ASSIGNMENT:
Restate the listing word for word. Stop at the line that holds "Эта система сигнализации", include it, and leave out all pictures.

INFORMATION GIVEN:
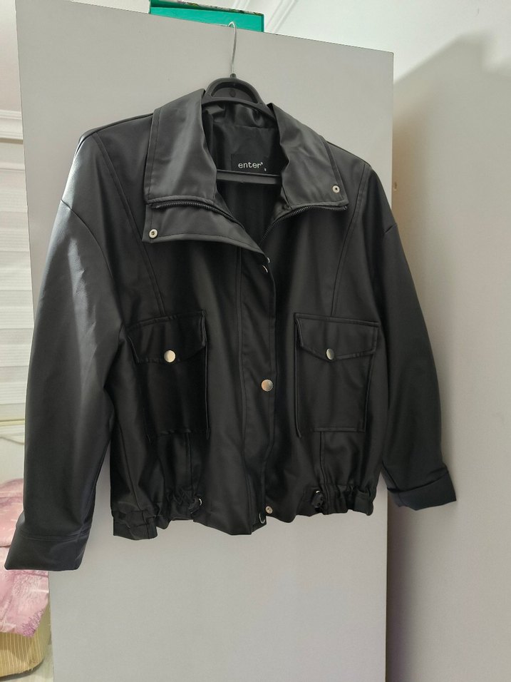 Düğmeli önü ve sivri yakası olan siyah deri ceket. Bol kesimli,normal boyda, günlük sokak stili için uygundur.
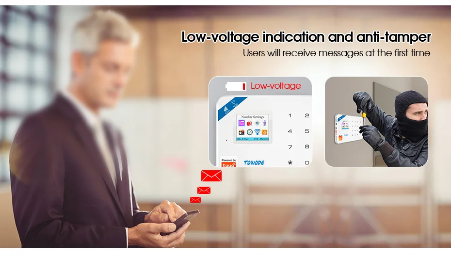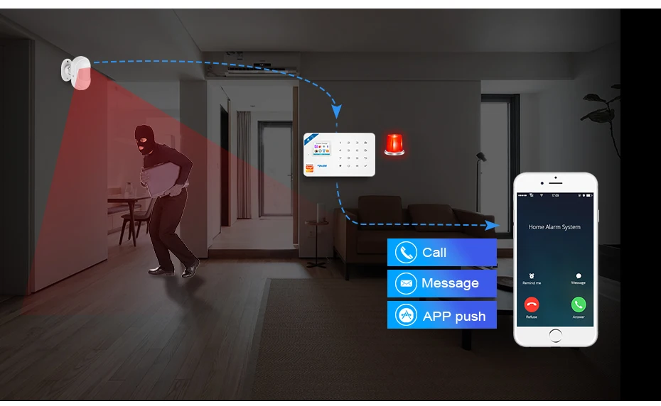 Эта система сигнализации Поддерживает пульт дистанционного управления tuya smart app, и это система сигнализации, которая может предотвратить воры, утечки газа, пожары в любое время, защитить безопасность вас и вашей семьи.
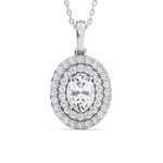 Crafted in your choice of 9K, 14K, 18K gold or platinum, the oval diamond is set in classic claw prongs while the surrounding round stones are delicately nestled in a split prong halo—perfectly balancing minimalism with bold luxury. Ideal for bridal elegance, cherished gifting, or daily sophistication, this pendant is a radiant statement of ethical refinement.
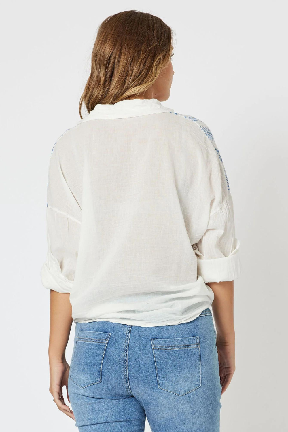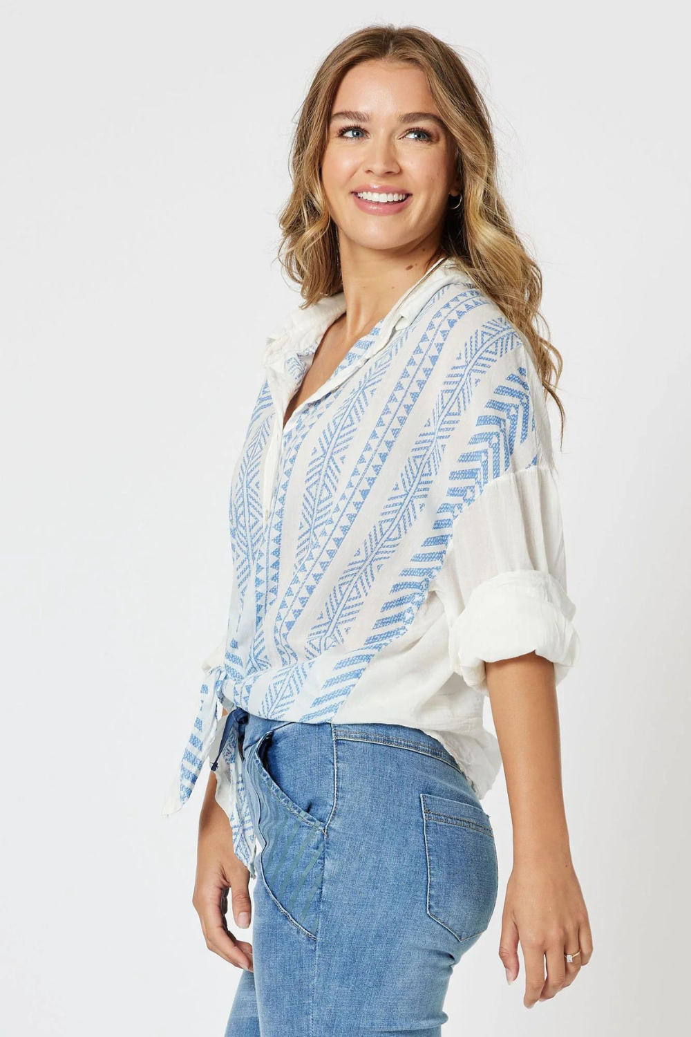 43714 - Ivy Cotton Print Tie Front Long Sleeve Shirt. Style open over swimmers for a pretty pool side look & with light denim or white for an effortless summer outfit.
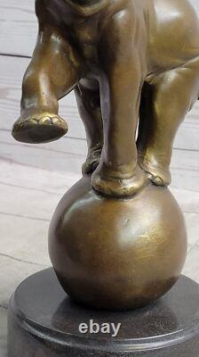 Veuillez trouver ci dessous une traduction automatique en français. Si vous avez des questions veuillez nous contacter. Cette sculpture est en parfait état.Dimensions en bronze avec base en marbre: hauteur 13 "x largeur 8". Dimensions en marbre: diamètre 5. Hauteur sans base: 11,5. Cette délicieuse sculpture en bronze présente un éléphant asiatique ludique debout sur trois jambes, avec sa jambe avant droite levée dans une posture en équilibre et vigilante. Cette charmante pièce est une véritable ouvre d'art qui peut améliorer l'ambiance de n'importe quelle pièce de votre maison.
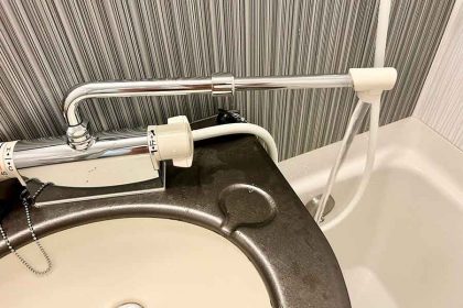 そんなコメントともにまさやんさんが投稿した写真には、ホテルのユニットバスの洗面台と浴槽の一部が写っています。温度調節と水量調節ができる2つのハンドルを持った混合水栓から、銀色の蛇口とホースシャワーが伸びていますが、洗面台の蛇口が浴槽に向いているものの、明らかに短すぎてお湯をためられそうにありません。
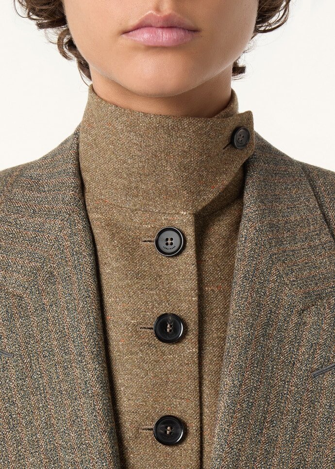 Shaped with a high, asymmetrical neck tab, the Leman vest masters the art of layering through thoughtful construction. It is tailored from a refined blend of cashmere and Wish® wool with touches of silk, revealing a natural mélange of nuanced hues. At the front, welt pockets and heirloom Sergio horn buttons add distinction to the fully lined design.

REPLY:
 Düğmeli önü ve sivri yakası olan siyah deri ceket. Bol kesimli,normal boyda, günlük sokak stili için uygundur.
 Эта система сигнализации Поддерживает пульт дистанционного управления tuya smart app, и это система сигнализации, которая может предотвратить воры, утечки газа, пожары в любое время, защитить безопасность вас и вашей семьи.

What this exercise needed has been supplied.